Challenges involved in the Mission:

  • Retrofitting existing legacy city infrastructure to make it smart: There are a number of latent issues to consider when reviewing a smart city strategy. The most important is to determine the existing city’s weak areas that need utmost consideration, e.g. 100-per-cent distribution of water supply and sanitation. The integration of formerly isolated legacy systems to achieve citywide efficiencies can be a significant challenge.
  •  Availability of master plan or city development plan: Most of our cities don’t have master plans or a city development plan, which is the key to smart city planning and implementation and encapsulates all a city needs to improve and provide better opportunities to its citizens. Unfortunately 70-80 per cent of Indian cities don’t have one.
  • Three-tier governance: Successful implementation of smart city solutions needs effective horizontal and vertical coordination between various institutions providing various municipal amenities as well as effective coordination between central government (MoUD), state government and local government agencies on various issues related to financing and sharing of best practices and service delivery processes.

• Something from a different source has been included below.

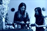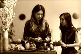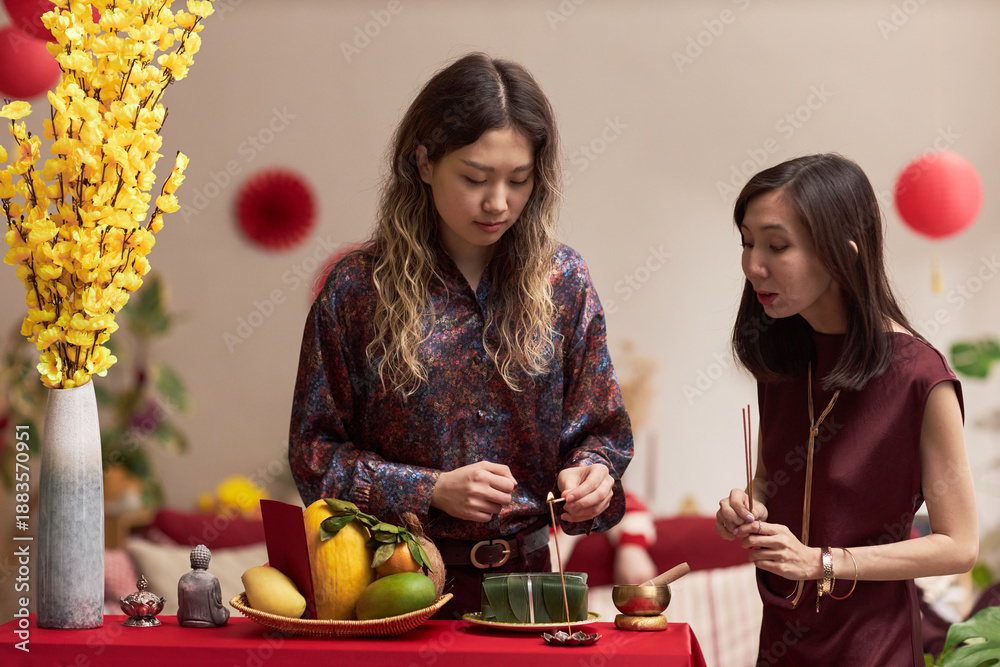 Two young adult Asian women preparing traditional offerings and lighting incense at decorated table with fruits and Tet holiday items, engaging in cultural celebration ritual together

  • Providing clearances in a timely manner: For timely completion of the project, all clearances should use online processes and be cleared in a time-bound manner. A regulatory body should be set up for all utility services so that a level playing field is made available to the private sector and tariffs are set in a manner that balances financial sustainability with quality.

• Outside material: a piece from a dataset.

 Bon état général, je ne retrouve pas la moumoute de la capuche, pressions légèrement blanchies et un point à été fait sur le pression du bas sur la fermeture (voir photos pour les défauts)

  • Reliability of utility services: For any smart city in the world, the focus is on reliability of utility services, whether it is electricity, water, telephone or broadband services. Smart cities should have universal access to electricity 24×7; this is not possible with the existing supply and distribution system. Cities need to shift towards renewable sources and focus on green buildings and green transport to reduce the need for electricity.

Conclusion:

The Centre has apparently decided to skirt such a fundamental problem by adopting a ‘managed urbanization’ approach in the chosen cities, with the powers of municipal councils delegated to a Special Purpose Vehicle (SPV), under the Companies Act, that will act in its own wisdom. Clearly, there is a lot of low-hanging fruit on the road to smartness, and a nimble policy approach can tap this quickly. More importantly, the ideology that guides the plan should recognize that the vibrant life of cities depends on variety and enabling environments, rather than a mere technology-led vision. Pollution-free commons, walkability and easy mobility, with a base of reliable civic services, is the smart way to go.